Ao lado do presidente, o médico responsável pelo tratamento, Antônio Luiz de Macedo, explicou que as aderências decorrentes das sucessivas cirurgias a que Bolsonaro foi submetido aumentam o risco do quadro de obstrução intestinal, mas reforçou que agora o paciente está bem e pronto para o trabalho. Macedo afirmou que ele terá uma dieta especial e não poderá realizar exercícios intensos, mas que está liberado para retomar suas atividades. 

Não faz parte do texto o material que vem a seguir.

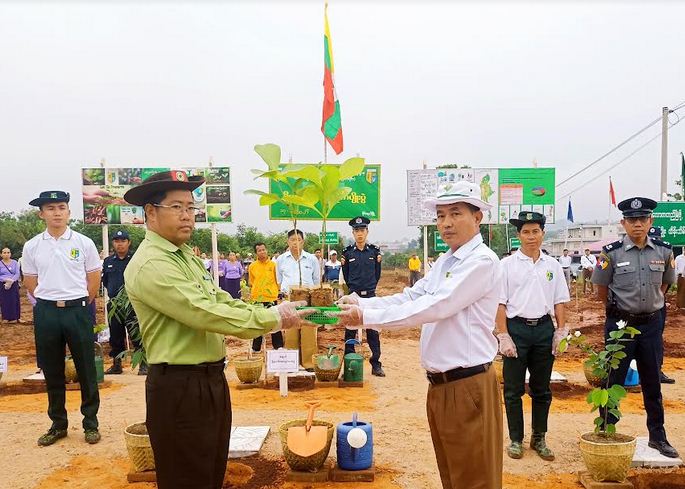 သစ်ပင်စိုက်ပျိုးရေးပွဲတော်၌ မြို့နယ်စီမံအုပ်ချုပ်ရေးအဖွဲ့ဉက္ကဋ္ဌ ဦးစိုးမင်းအောင်နှင့်အဖွဲ့ဝင်များ၊ မြို့နယ်သစ်တောဦးစီးဌာန တောအုပ်ကြီးဦးဂွမ်ဆန်အောင်တို့က ဌာနဆိုင်ရာတာဝန်ရှိသူများနှင့် ဒေသခံပြည်သူများထံ ပျိုးပင်များပေးအပ်သည်။

O presidente afirmou que trabalhou mesmo durante sua viagem de descanso ao litoral de Santa Catarina, na última semana de 2021. Ele lembrou que, durante aquele período, sancionou a prorrogação da desoneração da folha de pagamento e assinou uma MP destinando verba emergencial para a Bahia. 

“O presidente não tem férias, é maldoso quem fala que eu estou de férias, eu dou minha fugida de jet ski, dou um cavalo de pau no carro do Beto Carrero”, disse Bolsonaro, lembrando dos passeios que fez durante a viagem. Como mostrou o Estadão, a Constituição não prevê férias formais para o chefe do Poder Executivo.

'Teremos eleições limpas'

Bolsonaro voltou a falar sobre eleições nesta quarta-feira. Se antes o chefe do Executivo falava contra a segurança das urnas, tendo movimentado sua base no ano passado para tentar fazer valer o voto impresso, hoje o presidente afirmou não ter nenhuma preocupação com o Tribunal Superior Eleitoral (TSE).  “Tenho certeza que as eleições vão ser limpas e os votos vão ser contados”, disse.

Comentando sobre o convite do presidente do TSE, ministro Luís Roberto Barroso, para que as Forças Armadas participem do processo eleitoral, Bolsonaro afirmou: “Aceitamos, para participar de todo o processo eleitoral, sem exceção”.

O presidente destacou que o Ministério da Defesa fez alguns questionamentos ao ministro sobre as fragilidades das urnas, e afirmou que, a depender da resposta de Barroso, algo poderá ser mudado. “Pode ser que nos convença que estamos errados, mas agora, se nós não estivermos errados pode ter certeza que algo deve ser mudado”, disse, alegando que não se tratava de uma “bravata”.

“Nos vamos aceitar o que querem impor a nossa população, o brasileiro merece eleições limpas e transparentes e ninguém é dono da verdade aqui no País. Então, a lei vai ser cumprida e teremos eleições limpas e transparentes”, concluiu.

Flávia Arruda

O presidente disse também que a ministra da Secretaria de Governo, Flávia Arruda, “não será demitida pela imprensa”. Nos últimos dias, parlamentares do Centrão iniciaram uma fritura da ministra porque ela supostamente não teria cumprido promessas de liberação de verbas. 

“A indicação da Flávia Arruda foi minha”, declarou o chefe do Executivo durante uma coletiva de imprensa no Hospital Vila Nova Star, após receber alta médica. O presidente disse que não a nomeou para o cargo por ser mulher, mas pela competência. “Ninguém ligou para mim. Ninguém pede cabeça de ministro como acontecia no passado”, acrescentou.

Bolsonaro também afirmou que “desconhece” onde a ministra teria errado para que a demissão dela fosse solicitada. “Se, porventura, [ela] estiver errando, como já aconteceu, acontece, eu chamo e converso com ela. Ela não será demitida jamais pela imprensa”, disse.